Curious about it and I started reading more about it. And it does seem there are mixed views about it's success, mixed with studies showing better test results in students, though tests =/= learning, I was a B student in German and my German sucks and I would be curious by the quality of the speakers in those studies.
But I wonder if there is a limited capacity whereby it is useful? I read some argument how it works better for kids vs adults. And at a glance, it sounds more digestible and friendlier to people starting out.
I can maybe see some logic for vocabulary building or introducing new grammar concepts in a way you already have context you understand.
For example if I wrote:
"Cat of mine eats food tasty" you have a sentence in the Vietnamese grammar structure and you can ascertain what it means without any Vietnamese.

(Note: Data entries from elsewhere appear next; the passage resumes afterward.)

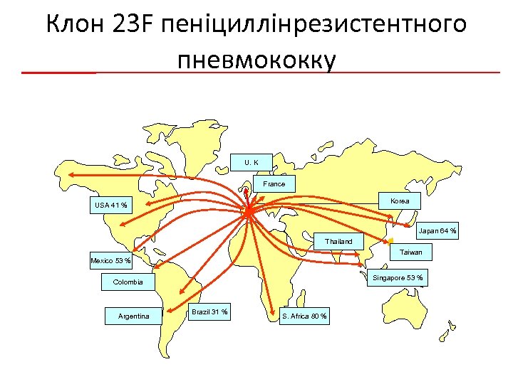 Клон 23 F пеніциллінрезистентного пневмококку U. K France USA 41 % Korea Japan 64 % Thailand Taiwan Mexico 53 % Singapore 53 % Colombia Argentina Brazil 31 % S. Africa 80 %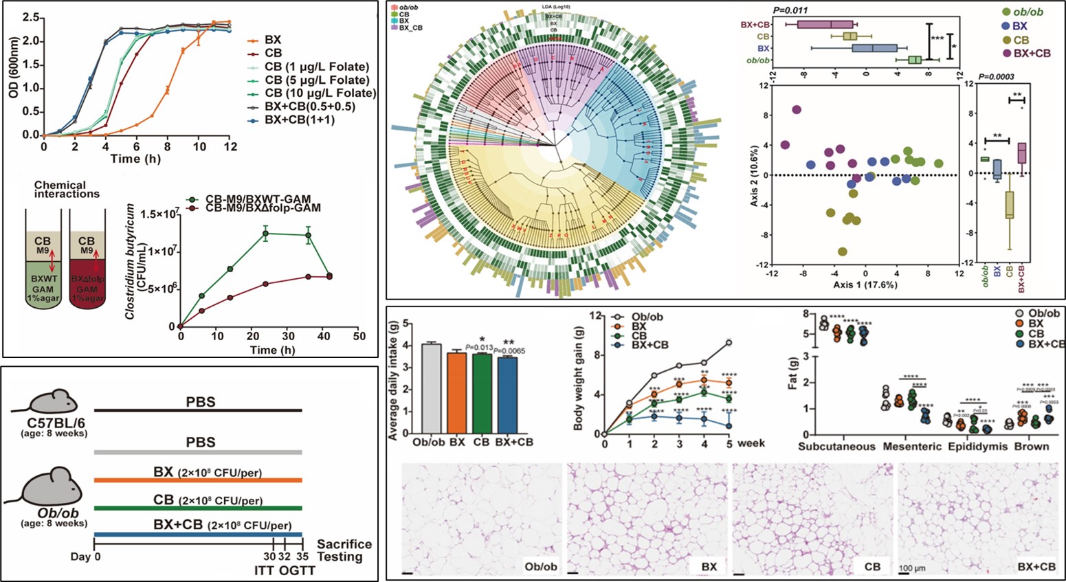 本研究通过宏基因组学与体外互作培养实验,发现两株解木糖拟杆菌 (Bacteroides xylanisolvens) 与丁酸梭菌( Clostridium butyricum)之间存在显著的营养共生关系:前者可合成叶酸(folate)支持丁酸梭菌的生长及产丁酸能力,而丁酸梭菌则提供叶酸前体对氨基苯甲酸(pABA)反哺前者的叶酸合成。这种互惠互利的共生机制有望显著增强两种菌在宿主体内的代谢稳定性和定殖能力。随后的灌胃模型动物实验也证实:双菌株组合比单一菌株更有效地降低肥胖模型小鼠的体重、改善其糖脂代谢异常和脂肪肝等病理表型。多组学分析表明,双菌组合能更均衡地调节肠道菌群组成,降低疾病相关通路和机会致病菌的丰度,从而恢复肠道菌群稳定性、增强治疗效果。该研究不仅验证了基于微生物共生机制设计最小功能菌群的可行性,还为开发治疗代谢疾病的活菌微生态药物提供了重要思路。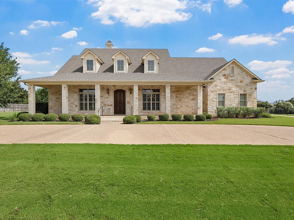Charming Austin Stone One-Story in Beautiful Badger Ranch! Nestled on a spacious 0.8-acre lot in the desirable Badger Ranch Subdivision, this stunning Austin stone home offers exceptional curb appeal with a circular driveway and mature landscaping. The property features a 2-car side-entry garage plus an additional detached single garage—perfect for extra storage or a workshop. Inside, the open-concept layout is designed for comfort and style, with rich wood floors throughout and plantation shutters on every window. The gourmet kitchen boasts a gas cooktop and flows seamlessly into the family room, which features a stone fireplace, custom built-ins, and a wall of windows with French doors leading to a spacious back porch—ideal for entertaining or relaxing. A second living area serves as a versatile home office or additional sitting room, complete with its own half bath and more built-ins. The home is equipped with two gas tankless water heaters for energy efficiency and convenience. The isolated primary suite offers privacy and comfort, while two additional bedrooms accommodate family or guests. A formal dining room adds an elegant touch for hosting gatherings. Recent upgrades include a new roof (2022) and a 5-ton Trane CHA system (2022) with warranty for peace of mind. Enjoy community amenities with a $115 monthly HOA that includes access to a beautiful neighborhood pool.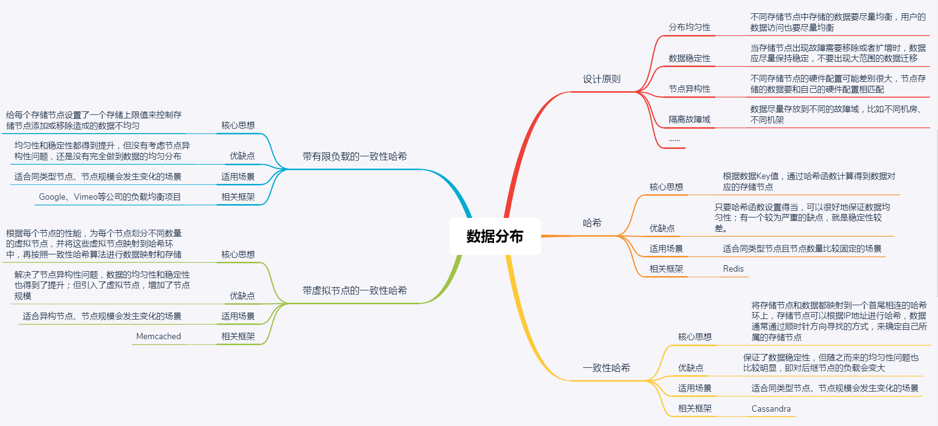其次,基于数据分布设计原则,我为你介绍了哈希、一致性哈希、带有限负载的一致性哈希和带虚拟节点的一致性哈希方法,并以例子进行辅助讲解,以便于你理解和学习。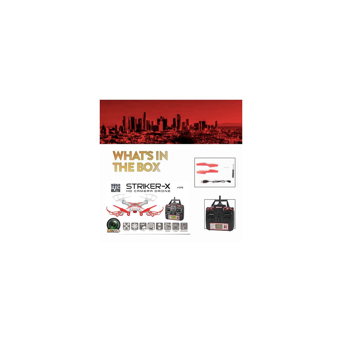 Take over the sky with the World Tech Toys Striker-X 2.4GHz 4.5CH RC HD Camera Drone! This awesome RC camera drone lets you record videos and take pictures with its amazing HD 720p Camera at the push of a button. The Striker-X also has 4.5 channel controls meaning you can fly multi-directional and with internal gyro you'll always get a smooth flight. It also comes with a 2.4GHz transmitter, so radio interference won't be a problem. Enjoy recording high flying fun with the World Tech Toys Striker-X 2.4GHz 4.5CH RC HD Camera Drone!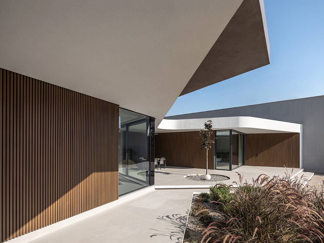 The clean, minimal lines of the design are harmoniously complemented by the richness of the surrounding landscape.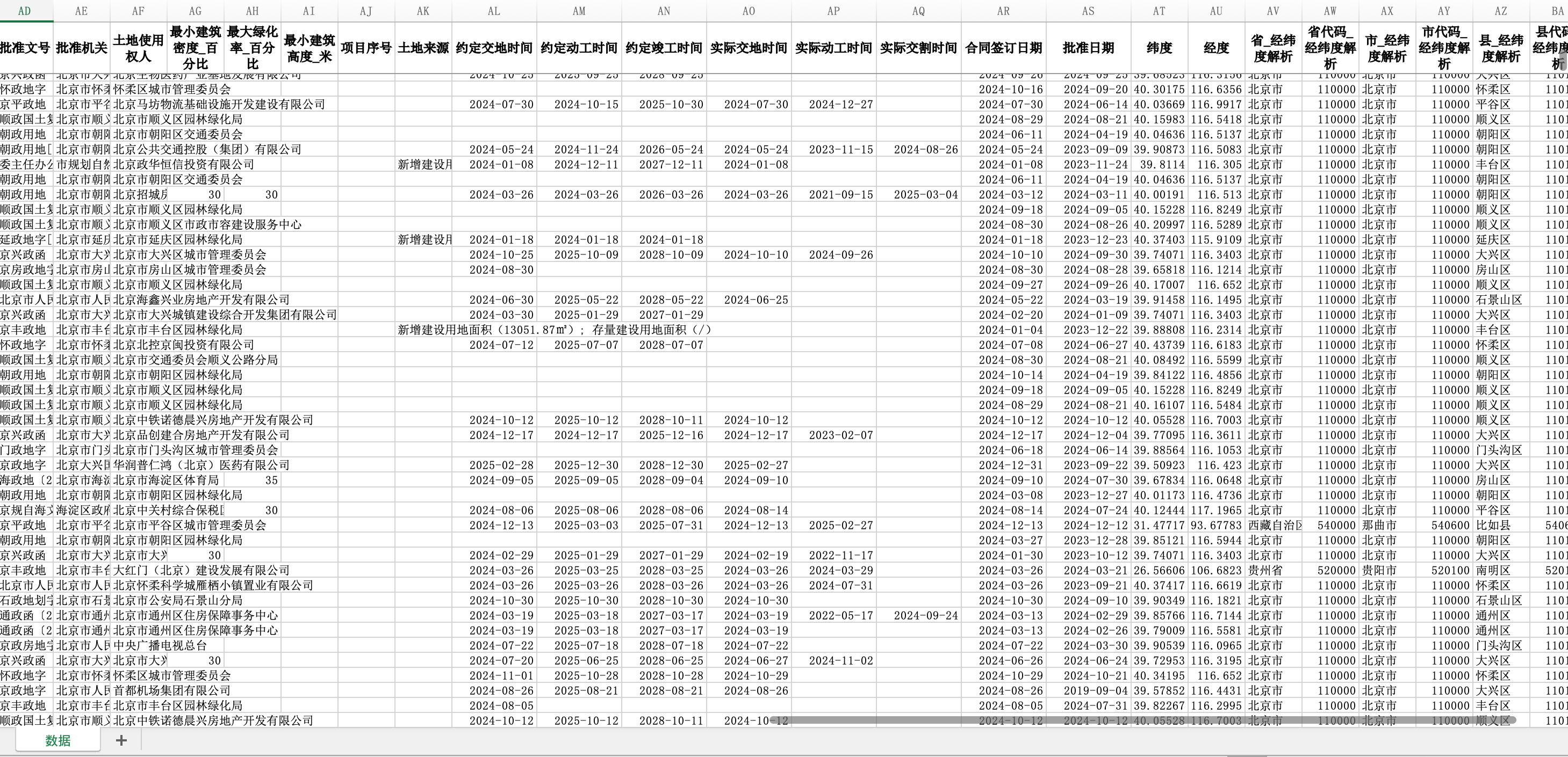 完整字段包括:年份、最小绿化率_百分比、供地全局唯一标志符、最大建筑高度_米、宗地全局唯一标志符、批准文号、省、批准机关、省代码、土地使用权人、市、最小建筑密度_百分比、市代码、最大绿化率_百分比、县、最小建筑高度_米、县代码、项目序号、行政区划代码、土地来源、编号、约定交地时间、电子监管号、约定动工时间、项目名称、约定竣工时间、行业分类、实际交地时间、土地级别、实际动工时间、宗地编号、实际交割时间、土地坐落、合同签订日期、供地方式、批准日期、供地面积_公顷、纬度、土地用途、经度、出让年限、省_经纬度解析、成交价格_万元、省代码_经纬度解析、投资强度_万元每公顷、建筑面积_公顷、市_经纬度解析、市代码_经纬度解析、最大建筑密度_百分比、县_经纬度解析、县代码_经纬度解析、最小容积率、最大容积率。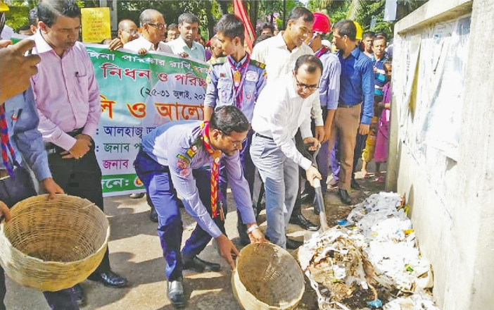 শোভাযাত্রা শেষে বাগেরহাটের জেলা প্রশাসক মো. মামুনুর রশীদ নিজ কার্যালয় প্রাঙ্গণে পরিচ্ছন্নতা অভিযানে অংশ নেন। ছবি: বাগেরহাট ইনফো ডটকম।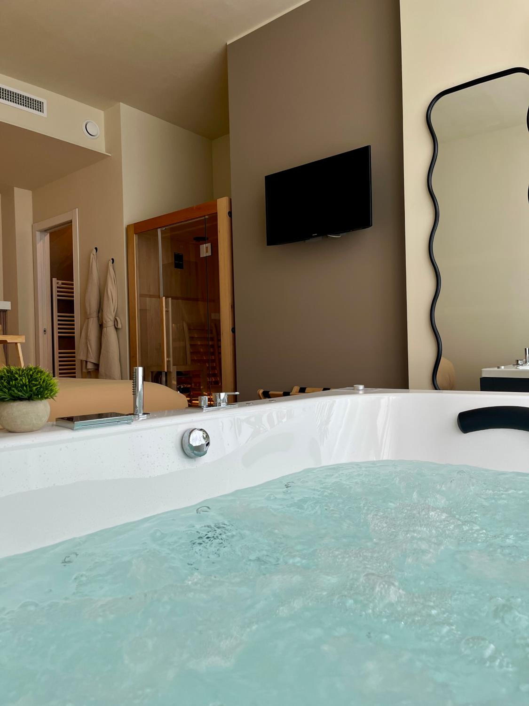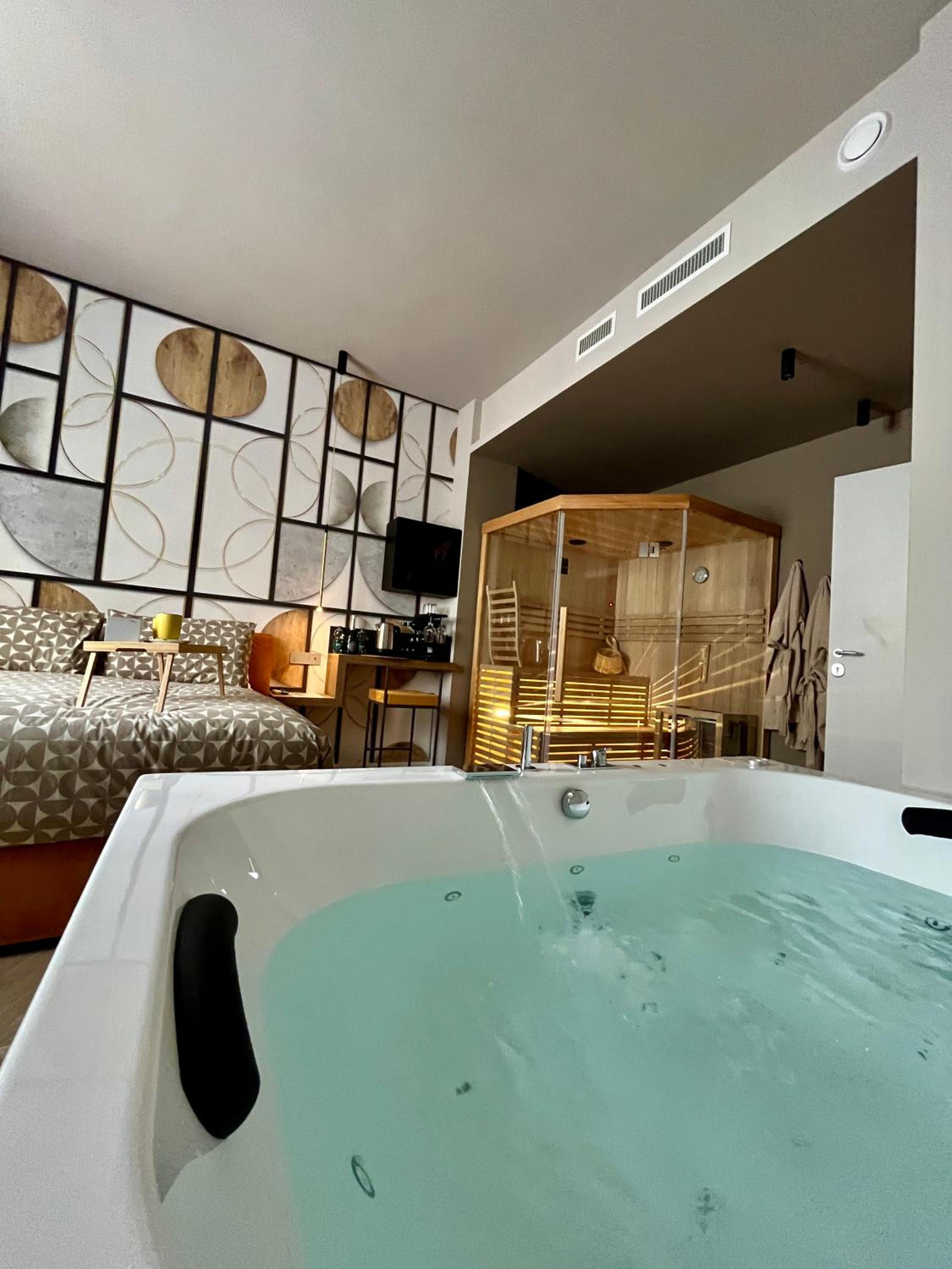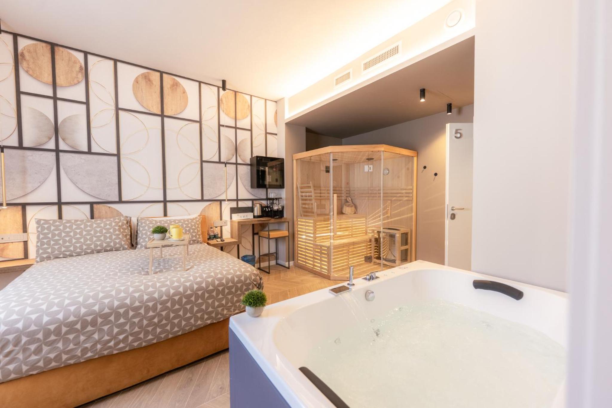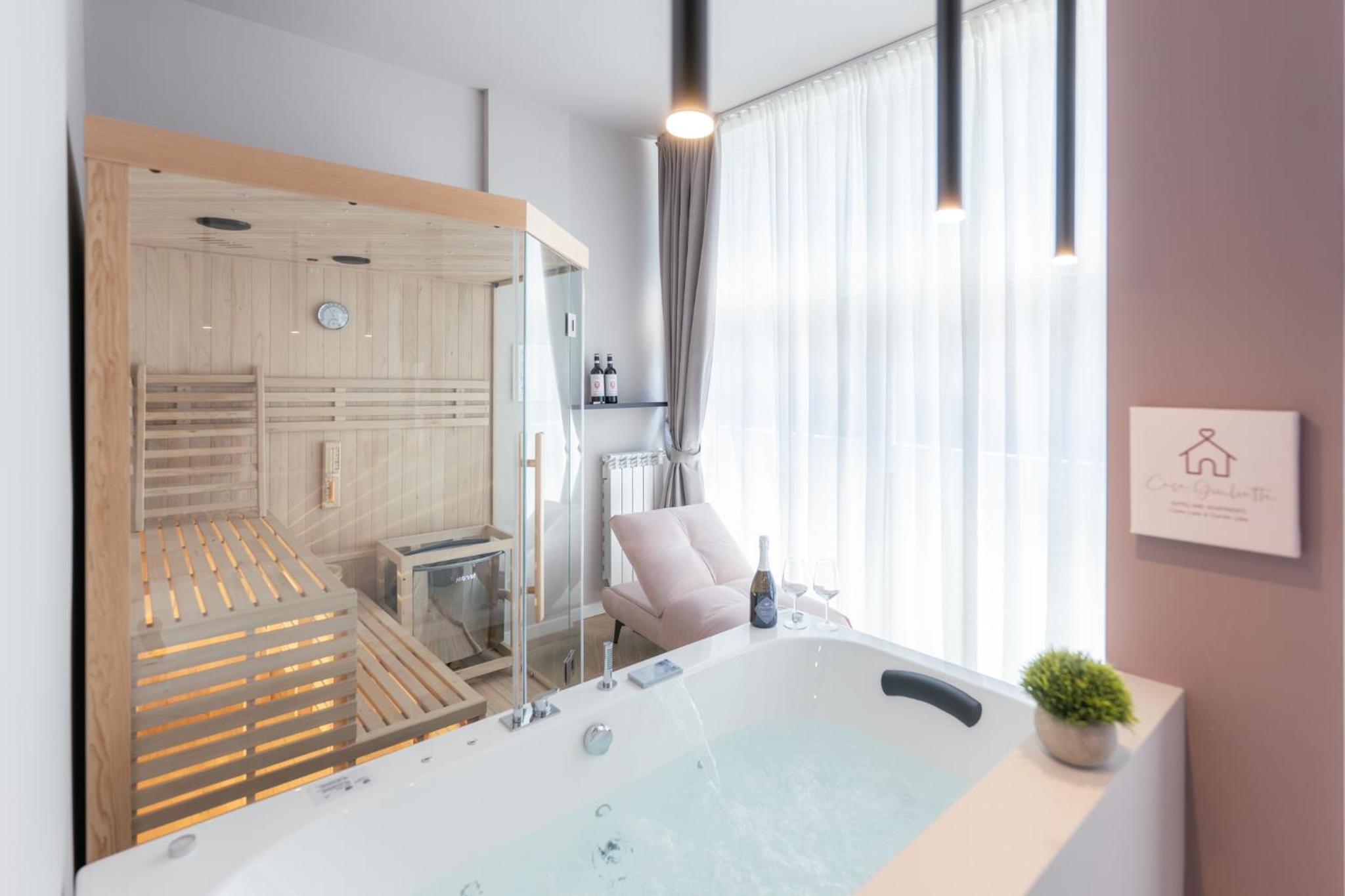 Unwind in our luxurious hot tub or rejuvenate in the sauna, perfect for a serene escape after a day of exploring. Enjoy the sun in our solarium, allowing you to bask in the warmth in complete tranquility.

And you can work in words like
"Mèo of mine , ăn food ngon"
It can maybe introduce concepts without the baggage of knowing all parts. But I don't see it sustainable the more complex that language gets, because there are translations from Vietnamese into English that convey the same ideas or message without the same words and you have to learn how to think like a Vietnamese and you can't do that with English terms. However, I found references to Japanese books advertised with this method, so I guess I would also be curious how that progresses the more complicated Japanese gets or whether it would still apply English equivalency rather than thinking like a Japanese speaker.
And I saw an example where it introduced things like verb conjugation. Heck, I've seen a couple of Turkic speakers make facetious comments about Turkifying English and giving examples of how things like agglutination might work in English, which those examples reminded me of. But it may be a way of demonstrating how it works in familiar terms first.
Using a Tuvan accusative case example: "I remember my mountainsny". Then apply pluralisation, "I remember my mountainlarny", then apply possession, "I remember mountainlarymny" and the word "mountain" as "I remember daglarymny". Apply Tuvan word order, "daglarymny remember I" and then the full translation "Daglarymny saktyr men".
But I am not sure it works as a learning method because I can see potential problems already. But as a demonstrative technique to new concepts or ideas? Maybe. It does feel a little more digestible.
Cainntear wrote:leosmith wrote:L1 = I like dogs.
Diglot Weave = I like 강아지.
That's probably an even more fundamental example of the idiom/phraseology problem.
I like dogs => *yo quiero perros
Me gustan los perros => *Me find_tasty the dogs
Even French, which is close to French has the problem that "j'aime" means both "I like" and "I love".
It's one thing to switch "j'aime les chiens" to "*I like the dogs" (article error may be overlooked as it's not a social problem) but it's totally different to accidentally indicate a romantic attachment to an animal...
There's examples of this in Vietnamese too. And I think a danger to account for is that we have words with different meanings in different contexts.
Like Vietnamese uses classifier words. Animals (including humans) have a classifier of "con", so let's say:
"Anh thích con héo của anh"
It means I like my pig.
So we do
"I like con héo of mine" so we figure out "con héo" means pig.
But we also learn "I eat a banana"
"Anh ăn một quả chuối"
And you go ahah, so I can say "Anh thích ăn con héo"
And think it means "I like eating pig" and be confused why a Vietnamese person looks at you in horror.
"Con" is a classifier used when the animal is alive. It is a different classifier when it is food. It sounds you like to eat live pigs.
I guess you could combat that by showing what it is when it's food, but even then without explicitly knowing the difference you still might make the mistake because it could be interpreted as the difference between "I like eating pig" and "I like eating pork" in English where the same meaning is conveyed.